BEGIN THE INPUT

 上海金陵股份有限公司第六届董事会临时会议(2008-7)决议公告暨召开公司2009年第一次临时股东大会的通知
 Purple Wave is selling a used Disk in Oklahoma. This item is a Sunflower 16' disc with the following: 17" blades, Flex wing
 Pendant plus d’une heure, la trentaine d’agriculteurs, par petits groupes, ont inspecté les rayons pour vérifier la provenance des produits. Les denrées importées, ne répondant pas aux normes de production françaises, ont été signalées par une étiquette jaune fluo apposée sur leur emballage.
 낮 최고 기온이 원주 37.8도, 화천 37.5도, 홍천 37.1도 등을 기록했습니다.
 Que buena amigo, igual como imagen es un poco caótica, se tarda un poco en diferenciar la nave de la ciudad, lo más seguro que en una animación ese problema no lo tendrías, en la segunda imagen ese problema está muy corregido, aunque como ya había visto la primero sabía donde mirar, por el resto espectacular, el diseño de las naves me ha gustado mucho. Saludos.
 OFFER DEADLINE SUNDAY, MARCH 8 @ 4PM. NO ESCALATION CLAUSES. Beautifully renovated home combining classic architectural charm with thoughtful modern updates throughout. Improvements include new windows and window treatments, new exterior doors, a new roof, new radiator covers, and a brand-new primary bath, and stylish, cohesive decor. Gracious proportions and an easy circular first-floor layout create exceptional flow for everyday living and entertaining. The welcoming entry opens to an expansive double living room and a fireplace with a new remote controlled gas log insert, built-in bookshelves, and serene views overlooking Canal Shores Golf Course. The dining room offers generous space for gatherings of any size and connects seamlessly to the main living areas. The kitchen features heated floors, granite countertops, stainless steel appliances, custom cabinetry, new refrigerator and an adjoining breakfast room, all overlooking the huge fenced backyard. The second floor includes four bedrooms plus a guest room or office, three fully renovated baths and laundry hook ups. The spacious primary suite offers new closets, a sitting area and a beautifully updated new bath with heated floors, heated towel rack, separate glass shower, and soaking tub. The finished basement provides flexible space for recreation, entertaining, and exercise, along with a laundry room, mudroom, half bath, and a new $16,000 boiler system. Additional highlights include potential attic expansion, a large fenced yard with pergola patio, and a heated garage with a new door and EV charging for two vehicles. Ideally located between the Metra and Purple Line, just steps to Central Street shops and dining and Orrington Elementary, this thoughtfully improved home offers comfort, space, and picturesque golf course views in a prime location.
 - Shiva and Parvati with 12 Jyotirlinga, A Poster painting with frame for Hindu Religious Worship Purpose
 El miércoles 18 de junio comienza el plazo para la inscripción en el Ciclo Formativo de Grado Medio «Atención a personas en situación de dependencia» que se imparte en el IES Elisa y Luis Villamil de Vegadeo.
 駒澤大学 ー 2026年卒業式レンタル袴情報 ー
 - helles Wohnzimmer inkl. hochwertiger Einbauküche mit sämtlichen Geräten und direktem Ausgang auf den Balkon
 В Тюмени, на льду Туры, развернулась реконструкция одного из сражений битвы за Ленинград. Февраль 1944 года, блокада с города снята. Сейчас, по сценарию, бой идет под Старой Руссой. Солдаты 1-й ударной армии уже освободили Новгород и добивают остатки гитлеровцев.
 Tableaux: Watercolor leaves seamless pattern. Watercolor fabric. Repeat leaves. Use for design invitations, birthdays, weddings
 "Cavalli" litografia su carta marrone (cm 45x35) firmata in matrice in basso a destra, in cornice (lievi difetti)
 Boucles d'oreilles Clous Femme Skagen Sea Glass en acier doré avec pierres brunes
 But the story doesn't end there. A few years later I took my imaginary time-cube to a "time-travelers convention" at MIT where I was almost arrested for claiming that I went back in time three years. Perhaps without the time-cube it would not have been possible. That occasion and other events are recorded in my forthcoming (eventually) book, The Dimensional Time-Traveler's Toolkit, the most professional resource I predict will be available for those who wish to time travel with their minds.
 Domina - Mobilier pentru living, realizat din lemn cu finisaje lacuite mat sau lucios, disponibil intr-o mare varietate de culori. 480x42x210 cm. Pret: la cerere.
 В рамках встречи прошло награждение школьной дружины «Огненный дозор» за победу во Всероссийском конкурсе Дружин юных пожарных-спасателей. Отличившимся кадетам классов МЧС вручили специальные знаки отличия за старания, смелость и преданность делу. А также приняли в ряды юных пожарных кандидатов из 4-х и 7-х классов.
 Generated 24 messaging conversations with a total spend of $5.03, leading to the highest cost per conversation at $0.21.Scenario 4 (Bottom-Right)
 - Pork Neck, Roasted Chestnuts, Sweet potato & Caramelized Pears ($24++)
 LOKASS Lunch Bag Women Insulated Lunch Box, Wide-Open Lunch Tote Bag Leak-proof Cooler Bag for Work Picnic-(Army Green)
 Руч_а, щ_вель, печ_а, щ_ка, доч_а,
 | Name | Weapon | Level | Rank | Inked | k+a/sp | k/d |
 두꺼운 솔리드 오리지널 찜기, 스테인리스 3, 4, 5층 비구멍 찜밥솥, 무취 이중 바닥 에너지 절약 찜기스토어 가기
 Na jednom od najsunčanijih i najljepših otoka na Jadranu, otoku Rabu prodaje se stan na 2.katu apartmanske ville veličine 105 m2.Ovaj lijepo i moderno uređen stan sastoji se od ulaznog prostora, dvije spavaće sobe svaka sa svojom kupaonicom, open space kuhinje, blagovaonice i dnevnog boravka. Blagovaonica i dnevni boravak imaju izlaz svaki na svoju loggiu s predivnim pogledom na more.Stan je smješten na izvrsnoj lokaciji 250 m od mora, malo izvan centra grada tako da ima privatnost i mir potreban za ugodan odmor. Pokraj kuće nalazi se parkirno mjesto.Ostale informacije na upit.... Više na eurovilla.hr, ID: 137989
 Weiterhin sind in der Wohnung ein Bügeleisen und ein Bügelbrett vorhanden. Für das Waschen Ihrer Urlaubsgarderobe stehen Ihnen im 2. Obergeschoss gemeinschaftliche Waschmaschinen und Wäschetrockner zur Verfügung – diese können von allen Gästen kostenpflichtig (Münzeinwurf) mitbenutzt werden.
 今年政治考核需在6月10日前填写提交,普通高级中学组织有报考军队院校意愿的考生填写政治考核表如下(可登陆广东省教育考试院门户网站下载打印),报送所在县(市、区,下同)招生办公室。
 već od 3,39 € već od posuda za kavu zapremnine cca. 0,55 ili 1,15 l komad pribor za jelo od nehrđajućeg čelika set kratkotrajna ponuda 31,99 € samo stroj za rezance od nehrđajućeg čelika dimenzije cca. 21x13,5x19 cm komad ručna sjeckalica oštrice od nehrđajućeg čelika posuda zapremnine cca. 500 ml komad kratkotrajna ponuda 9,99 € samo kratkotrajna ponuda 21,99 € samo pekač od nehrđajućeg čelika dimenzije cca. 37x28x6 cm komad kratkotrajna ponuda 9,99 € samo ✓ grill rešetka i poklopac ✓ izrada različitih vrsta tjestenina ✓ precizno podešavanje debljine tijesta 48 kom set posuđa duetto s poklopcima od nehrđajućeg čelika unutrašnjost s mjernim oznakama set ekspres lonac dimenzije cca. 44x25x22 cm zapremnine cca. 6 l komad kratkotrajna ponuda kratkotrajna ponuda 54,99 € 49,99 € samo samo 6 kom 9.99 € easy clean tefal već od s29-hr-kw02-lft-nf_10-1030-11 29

END THE INPUT

Proceeding from the line containing "Tableaux: Watercolor leaves" through the line containing "두꺼운 솔리드 오리지널", transcribe the lines above exactly, both end lines included.

* _FINISHED EXERCISE_
 Tableaux: Watercolor leaves seamless pattern. Watercolor fabric. Repeat leaves. Use for design invitations, birthdays, weddings
 "Cavalli" litografia su carta marrone (cm 45x35) firmata in matrice in basso a destra, in cornice (lievi difetti)
 Boucles d'oreilles Clous Femme Skagen Sea Glass en acier doré avec pierres brunes
 But the story doesn't end there. A few years later I took my imaginary time-cube to a "time-travelers convention" at MIT where I was almost arrested for claiming that I went back in time three years. Perhaps without the time-cube it would not have been possible. That occasion and other events are recorded in my forthcoming (eventually) book, The Dimensional Time-Traveler's Toolkit, the most professional resource I predict will be available for those who wish to time travel with their minds.
 Domina - Mobilier pentru living, realizat din lemn cu finisaje lacuite mat sau lucios, disponibil intr-o mare varietate de culori. 480x42x210 cm. Pret: la cerere.
 В рамках встречи прошло награждение школьной дружины «Огненный дозор» за победу во Всероссийском конкурсе Дружин юных пожарных-спасателей. Отличившимся кадетам классов МЧС вручили специальные знаки отличия за старания, смелость и преданность делу. А также приняли в ряды юных пожарных кандидатов из 4-х и 7-х классов.
 Generated 24 messaging conversations with a total spend of $5.03, leading to the highest cost per conversation at $0.21.Scenario 4 (Bottom-Right)
 - Pork Neck, Roasted Chestnuts, Sweet potato & Caramelized Pears ($24++)
 LOKASS Lunch Bag Women Insulated Lunch Box, Wide-Open Lunch Tote Bag Leak-proof Cooler Bag for Work Picnic-(Army Green)
 Руч_а, щ_вель, печ_а, щ_ка, доч_а,
 | Name | Weapon | Level | Rank | Inked | k+a/sp | k/d |
 두꺼운 솔리드 오리지널 찜기, 스테인리스 3, 4, 5층 비구멍 찜밥솥, 무취 이중 바닥 에너지 절약 찜기스토어 가기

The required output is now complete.